→ Your instructions:
Copy out the data word for word, without any of its pictures.

→ Source material:

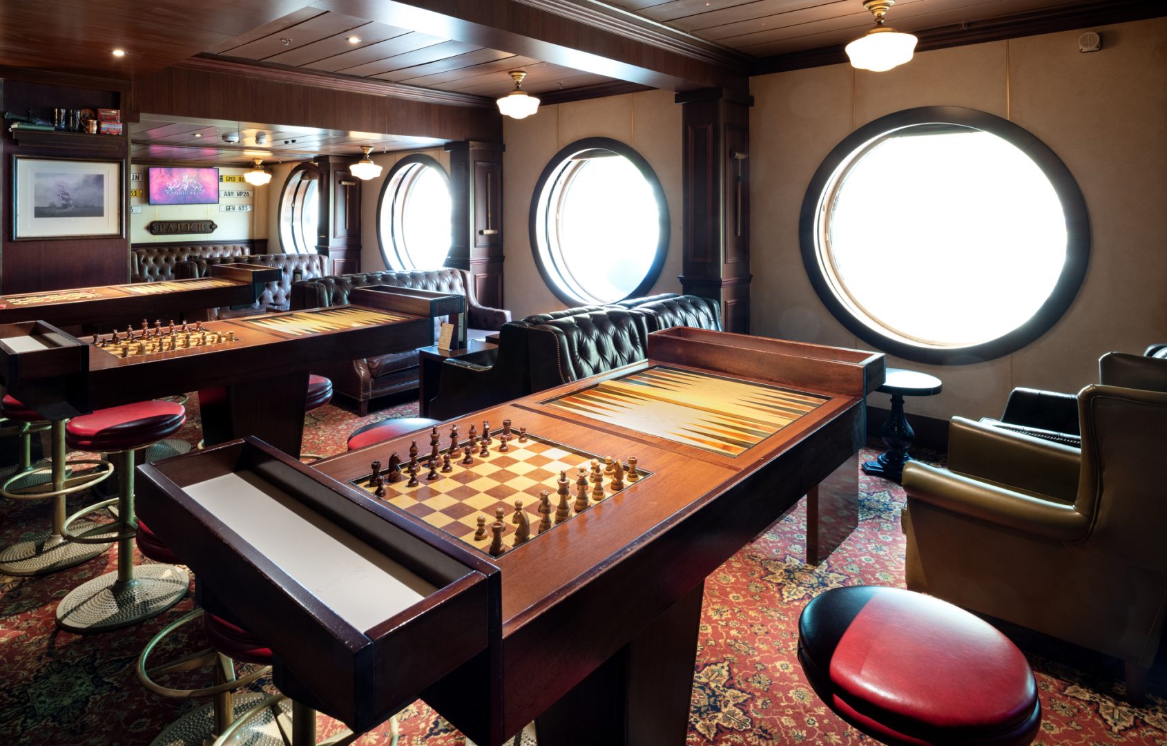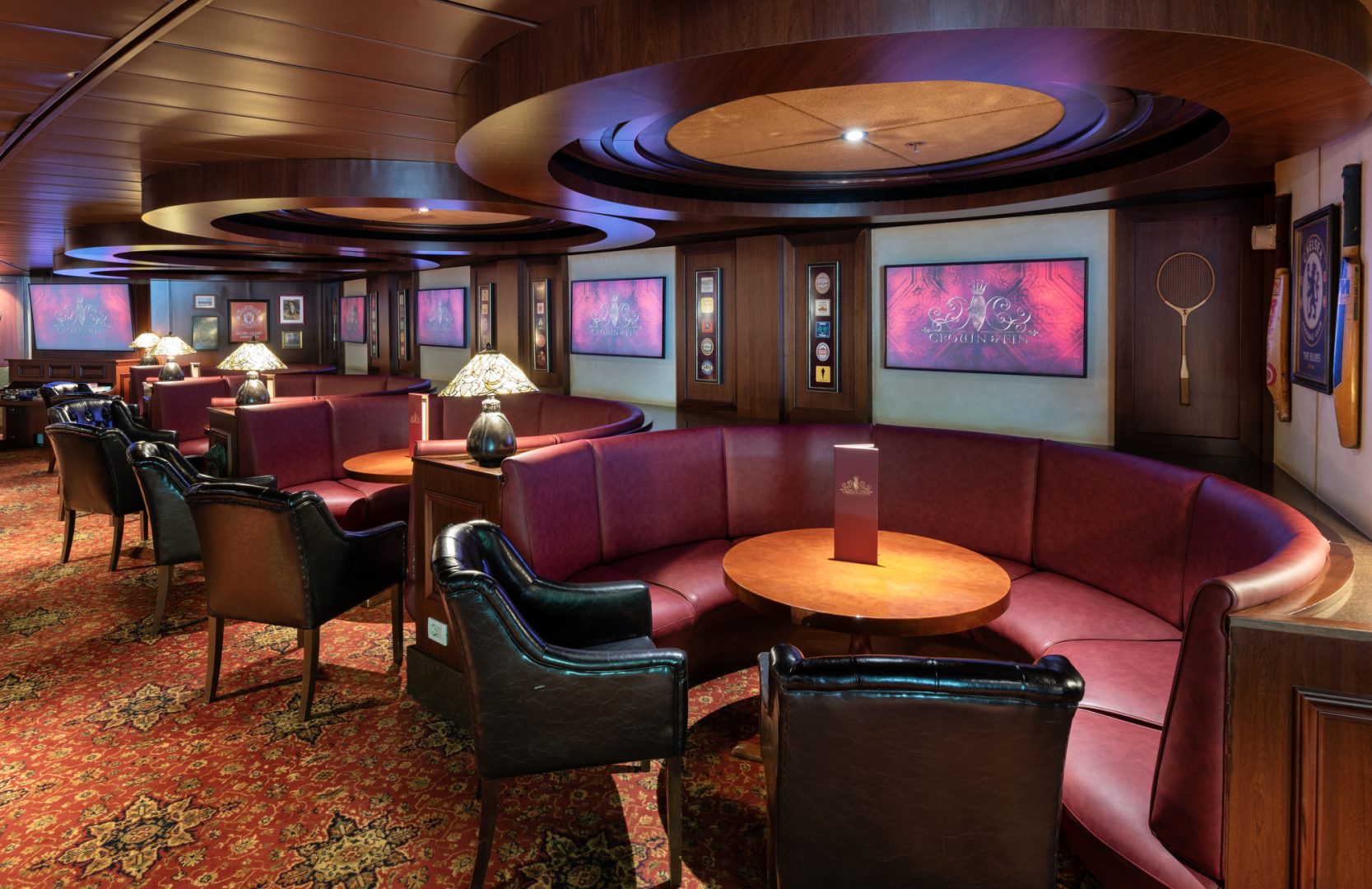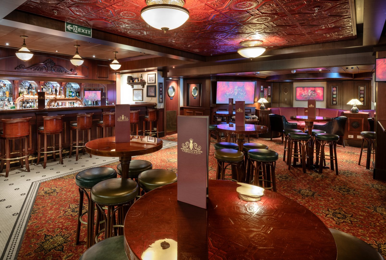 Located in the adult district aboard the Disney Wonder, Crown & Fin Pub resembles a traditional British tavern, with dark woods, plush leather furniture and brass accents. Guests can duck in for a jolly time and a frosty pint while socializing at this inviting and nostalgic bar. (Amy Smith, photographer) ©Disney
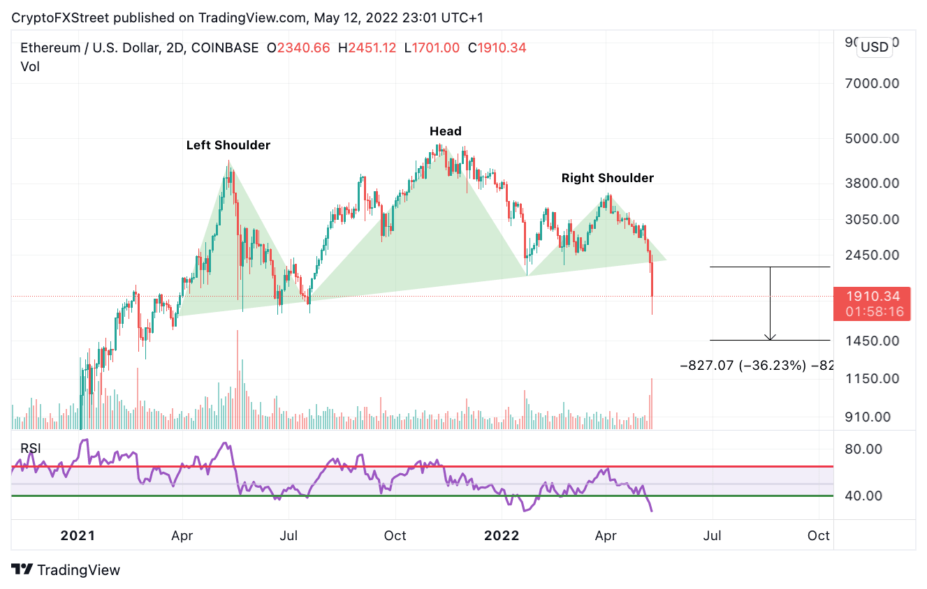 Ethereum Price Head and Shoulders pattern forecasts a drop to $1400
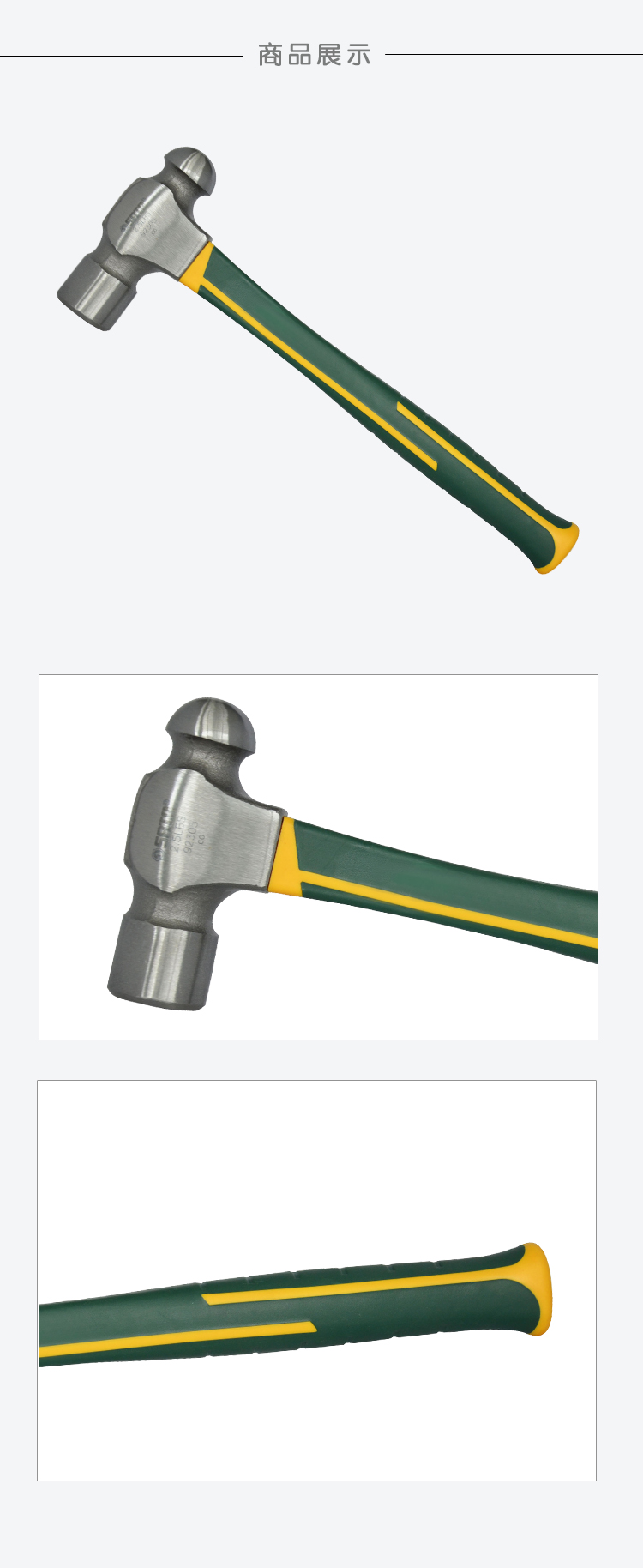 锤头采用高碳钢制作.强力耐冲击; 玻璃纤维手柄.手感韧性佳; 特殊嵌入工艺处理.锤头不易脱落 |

→ Result:
 Located in the adult district aboard the Disney Wonder, Crown & Fin Pub resembles a traditional British tavern, with dark woods, plush leather furniture and brass accents. Guests can duck in for a jolly time and a frosty pint while socializing at this inviting and nostalgic bar. (Amy Smith, photographer) ©Disney
 Ethereum Price Head and Shoulders pattern forecasts a drop to $1400
 锤头采用高碳钢制作.强力耐冲击; 玻璃纤维手柄.手感韧性佳; 特殊嵌入工艺处理.锤头不易脱落 |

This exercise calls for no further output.